(Beginning of LISTED ENTRIES)

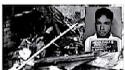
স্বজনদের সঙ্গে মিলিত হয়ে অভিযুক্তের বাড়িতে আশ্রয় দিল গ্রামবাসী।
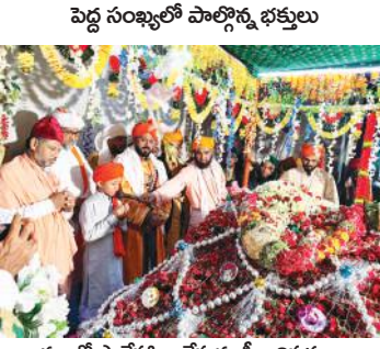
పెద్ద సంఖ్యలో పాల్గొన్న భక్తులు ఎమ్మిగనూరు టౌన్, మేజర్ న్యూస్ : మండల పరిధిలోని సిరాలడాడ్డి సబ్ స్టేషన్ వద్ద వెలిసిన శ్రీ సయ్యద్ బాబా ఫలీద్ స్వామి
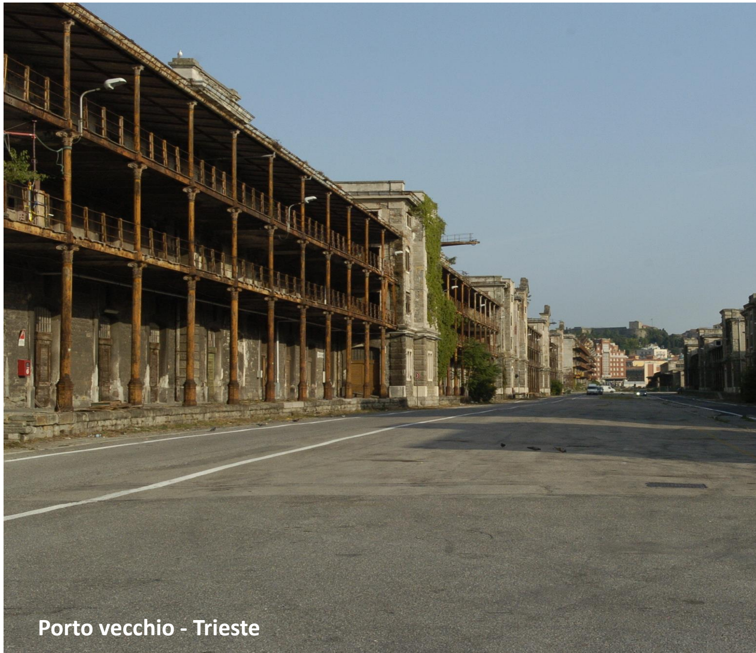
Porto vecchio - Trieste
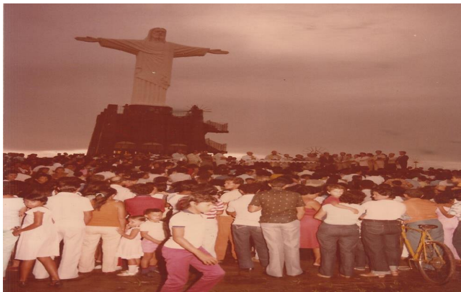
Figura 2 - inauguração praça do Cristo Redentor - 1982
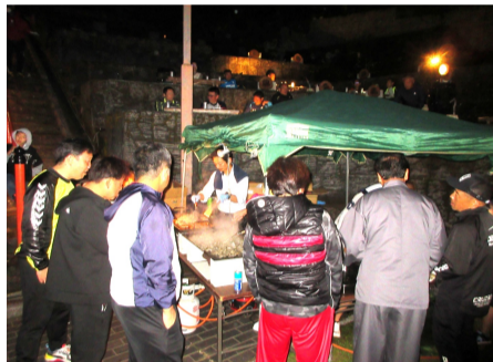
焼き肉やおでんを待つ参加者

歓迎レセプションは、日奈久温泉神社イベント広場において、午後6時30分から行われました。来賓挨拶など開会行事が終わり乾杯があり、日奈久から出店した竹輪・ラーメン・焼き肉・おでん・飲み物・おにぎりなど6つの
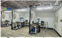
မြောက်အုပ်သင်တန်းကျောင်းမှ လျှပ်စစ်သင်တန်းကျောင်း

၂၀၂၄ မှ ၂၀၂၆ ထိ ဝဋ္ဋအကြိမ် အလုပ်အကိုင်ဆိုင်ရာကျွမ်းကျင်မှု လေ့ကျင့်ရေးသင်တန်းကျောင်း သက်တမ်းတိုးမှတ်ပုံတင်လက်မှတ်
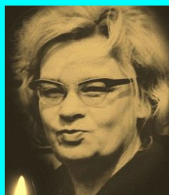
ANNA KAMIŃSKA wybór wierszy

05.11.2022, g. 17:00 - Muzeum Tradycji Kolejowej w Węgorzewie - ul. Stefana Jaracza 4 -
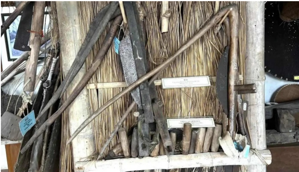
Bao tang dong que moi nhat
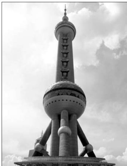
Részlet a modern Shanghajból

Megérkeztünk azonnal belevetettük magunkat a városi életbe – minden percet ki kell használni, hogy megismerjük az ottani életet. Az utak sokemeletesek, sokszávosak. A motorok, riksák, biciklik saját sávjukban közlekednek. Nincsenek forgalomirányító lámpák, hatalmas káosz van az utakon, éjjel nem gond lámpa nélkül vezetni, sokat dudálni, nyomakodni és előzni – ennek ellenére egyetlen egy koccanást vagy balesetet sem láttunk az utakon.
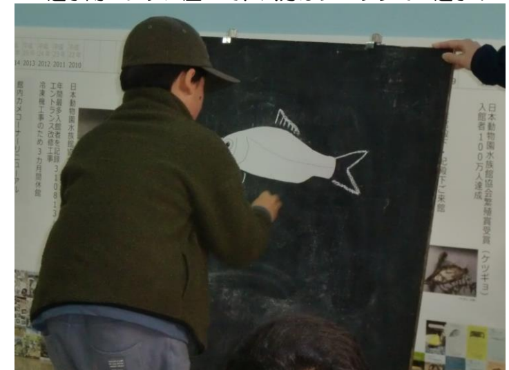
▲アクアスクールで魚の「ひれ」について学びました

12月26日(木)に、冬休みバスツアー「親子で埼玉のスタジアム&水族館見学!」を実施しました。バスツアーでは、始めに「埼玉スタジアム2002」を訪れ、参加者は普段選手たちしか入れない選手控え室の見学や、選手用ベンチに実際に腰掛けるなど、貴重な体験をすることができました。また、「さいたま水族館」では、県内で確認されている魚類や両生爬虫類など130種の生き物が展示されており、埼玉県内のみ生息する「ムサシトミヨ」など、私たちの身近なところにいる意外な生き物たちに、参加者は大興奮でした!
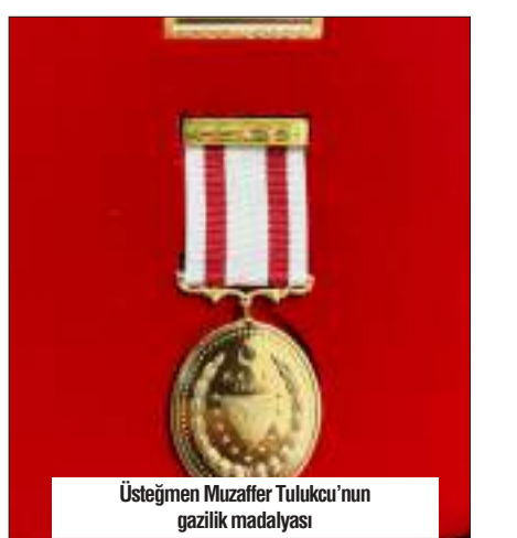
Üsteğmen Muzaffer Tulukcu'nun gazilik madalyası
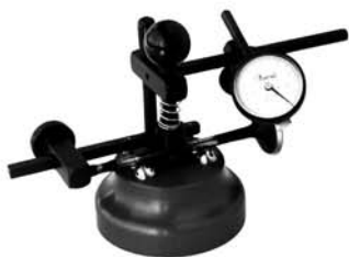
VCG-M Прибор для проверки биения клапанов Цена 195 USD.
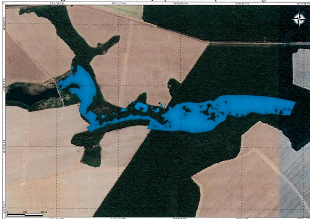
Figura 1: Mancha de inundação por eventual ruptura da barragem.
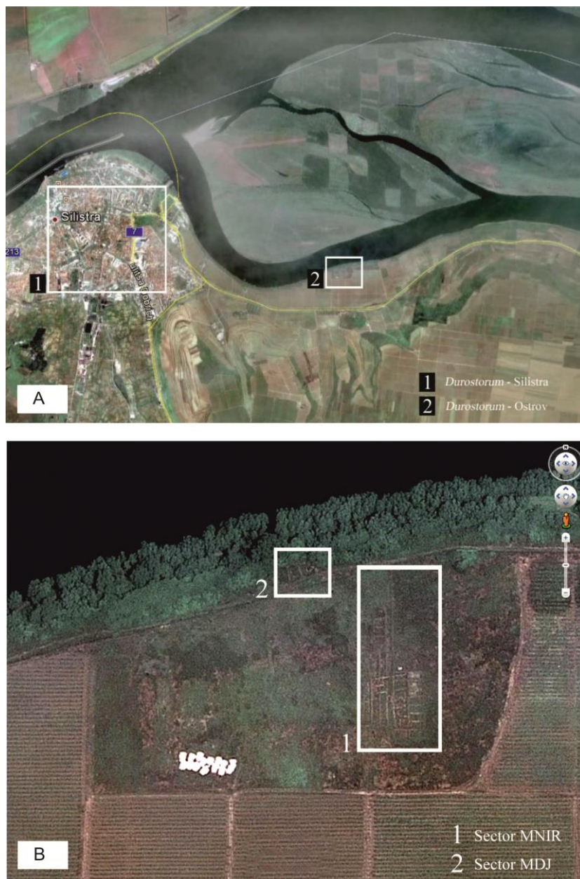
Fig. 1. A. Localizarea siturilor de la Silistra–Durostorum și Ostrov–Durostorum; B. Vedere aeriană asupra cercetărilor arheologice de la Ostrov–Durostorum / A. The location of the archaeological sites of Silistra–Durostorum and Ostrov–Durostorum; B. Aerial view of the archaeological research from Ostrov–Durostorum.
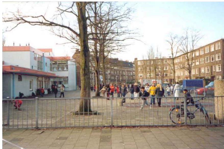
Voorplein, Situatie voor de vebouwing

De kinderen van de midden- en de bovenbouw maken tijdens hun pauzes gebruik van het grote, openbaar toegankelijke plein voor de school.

(End of LISTED ENTRIES)

● **WORK ITEM**: From the first line to the last, retype the data above exactly, but not its images.

● **TASK ANSWER**:
স্বজনদের সঙ্গে মিলিত হয়ে অভিযুক্তের বাড়িতে আশ্রয় দিল গ্রামবাসী।
పెద్ద సంఖ్యలో పాల్గొన్న భక్తులు ఎమ్మిగనూరు టౌన్, మేజర్ న్యూస్ : మండల పరిధిలోని సిరాలడాడ్డి సబ్ స్టేషన్ వద్ద వెలిసిన శ్రీ సయ్యద్ బాబా ఫలీద్ స్వామి
Porto vecchio - Trieste
Figura 2 - inauguração praça do Cristo Redentor - 1982
焼き肉やおでんを待つ参加者

歓迎レセプションは、日奈久温泉神社イベント広場において、午後6時30分から行われました。来賓挨拶など開会行事が終わり乾杯があり、日奈久から出店した竹輪・ラーメン・焼き肉・おでん・飲み物・おにぎりなど6つの
မြောက်အုပ်သင်တန်းကျောင်းမှ လျှပ်စစ်သင်တန်းကျောင်း

၂၀၂၄ မှ ၂၀၂၆ ထိ ဝဋ္ဋအကြိမ် အလုပ်အကိုင်ဆိုင်ရာကျွမ်းကျင်မှု လေ့ကျင့်ရေးသင်တန်းကျောင်း သက်တမ်းတိုးမှတ်ပုံတင်လက်မှတ်
ANNA KAMIŃSKA wybór wierszy

05.11.2022, g. 17:00 - Muzeum Tradycji Kolejowej w Węgorzewie - ul. Stefana Jaracza 4 -
Bao tang dong que moi nhat
Részlet a modern Shanghajból

Megérkeztünk azonnal belevetettük magunkat a városi életbe – minden percet ki kell használni, hogy megismerjük az ottani életet. Az utak sokemeletesek, sokszávosak. A motorok, riksák, biciklik saját sávjukban közlekednek. Nincsenek forgalomirányító lámpák, hatalmas káosz van az utakon, éjjel nem gond lámpa nélkül vezetni, sokat dudálni, nyomakodni és előzni – ennek ellenére egyetlen egy koccanást vagy balesetet sem láttunk az utakon.
▲アクアスクールで魚の「ひれ」について学びました

12月26日(木)に、冬休みバスツアー「親子で埼玉のスタジアム&水族館見学!」を実施しました。バスツアーでは、始めに「埼玉スタジアム2002」を訪れ、参加者は普段選手たちしか入れない選手控え室の見学や、選手用ベンチに実際に腰掛けるなど、貴重な体験をすることができました。また、「さいたま水族館」では、県内で確認されている魚類や両生爬虫類など130種の生き物が展示されており、埼玉県内のみ生息する「ムサシトミヨ」など、私たちの身近なところにいる意外な生き物たちに、参加者は大興奮でした!
Üsteğmen Muzaffer Tulukcu'nun gazilik madalyası
VCG-M Прибор для проверки биения клапанов Цена 195 USD.
Figura 1: Mancha de inundação por eventual ruptura da barragem.
Fig. 1. A. Localizarea siturilor de la Silistra–Durostorum și Ostrov–Durostorum; B. Vedere aeriană asupra cercetărilor arheologice de la Ostrov–Durostorum / A. The location of the archaeological sites of Silistra–Durostorum and Ostrov–Durostorum; B. Aerial view of the archaeological research from Ostrov–Durostorum.
Voorplein, Situatie voor de vebouwing

De kinderen van de midden- en de bovenbouw maken tijdens hun pauzes gebruik van het grote, openbaar toegankelijke plein voor de school.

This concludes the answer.